[Recorded data]

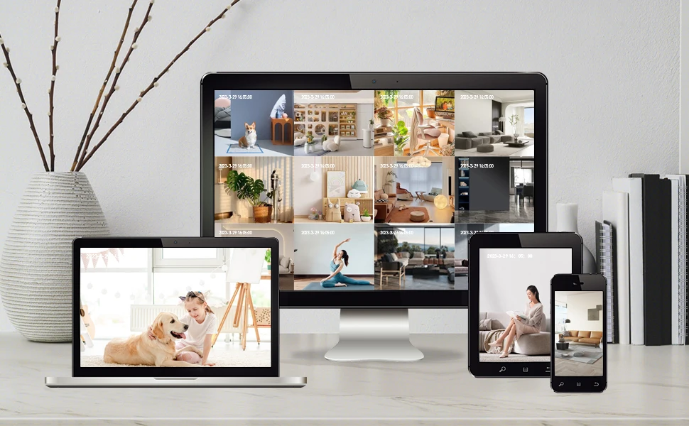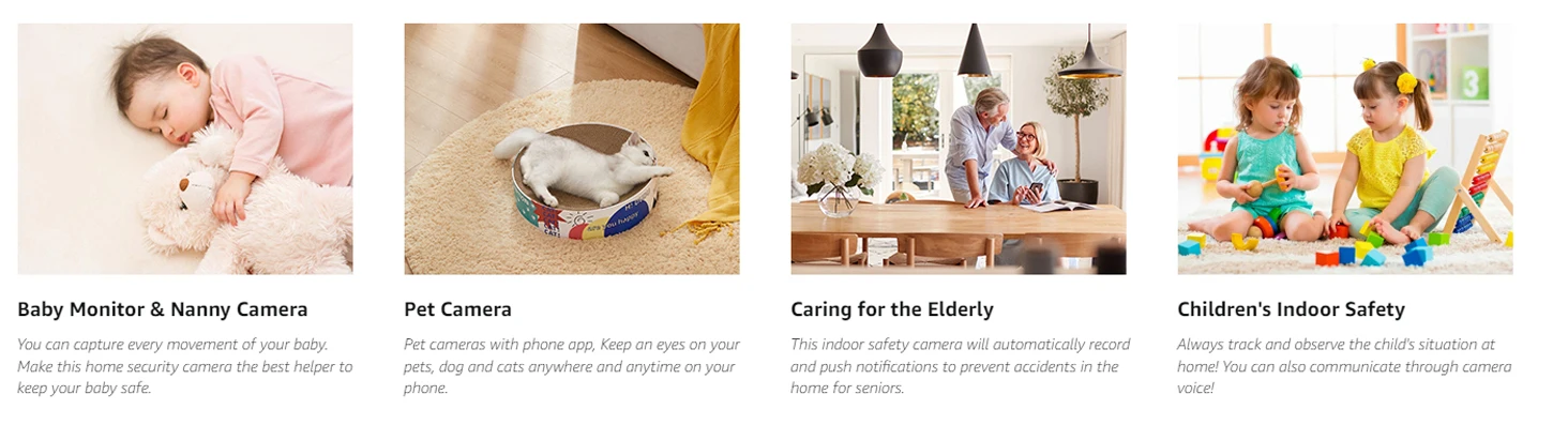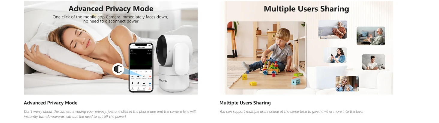 home security cameras indoor supports unlimited users to watch simultaneously through Amorom app. You can share some interesting moments with your friends and family.Amorom APP can add multiple cameras for home security to display 16 live videos on one screen, it is more convenient for you to view multiple areas of your home at the same time. Never miss any important moments when you are not at home.
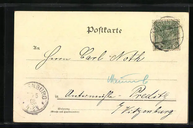 Personenbezogene Daten auf der Rückseite der Karte wurden durch blauen Textmarker unkenntlich gemacht. Die blauen Stellen sind auf die Vorderseite durchgeweicht und wirken sich negativ auf das Postkartenfoto aus
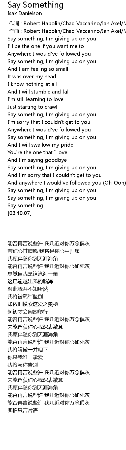 | [00:00.00] | 作词 : Robert Habolin/Chad Vaccarino/Ian Axel/Mike Cambell |

[/Recorded data]

## Exercise requirements
Retype the listing exactly. Leave the pictures out.

## Output
 home security cameras indoor supports unlimited users to watch simultaneously through Amorom app. You can share some interesting moments with your friends and family.Amorom APP can add multiple cameras for home security to display 16 live videos on one screen, it is more convenient for you to view multiple areas of your home at the same time. Never miss any important moments when you are not at home.
 Personenbezogene Daten auf der Rückseite der Karte wurden durch blauen Textmarker unkenntlich gemacht. Die blauen Stellen sind auf die Vorderseite durchgeweicht und wirken sich negativ auf das Postkartenfoto aus
 | [00:00.00] | 作词 : Robert Habolin/Chad Vaccarino/Ian Axel/Mike Cambell |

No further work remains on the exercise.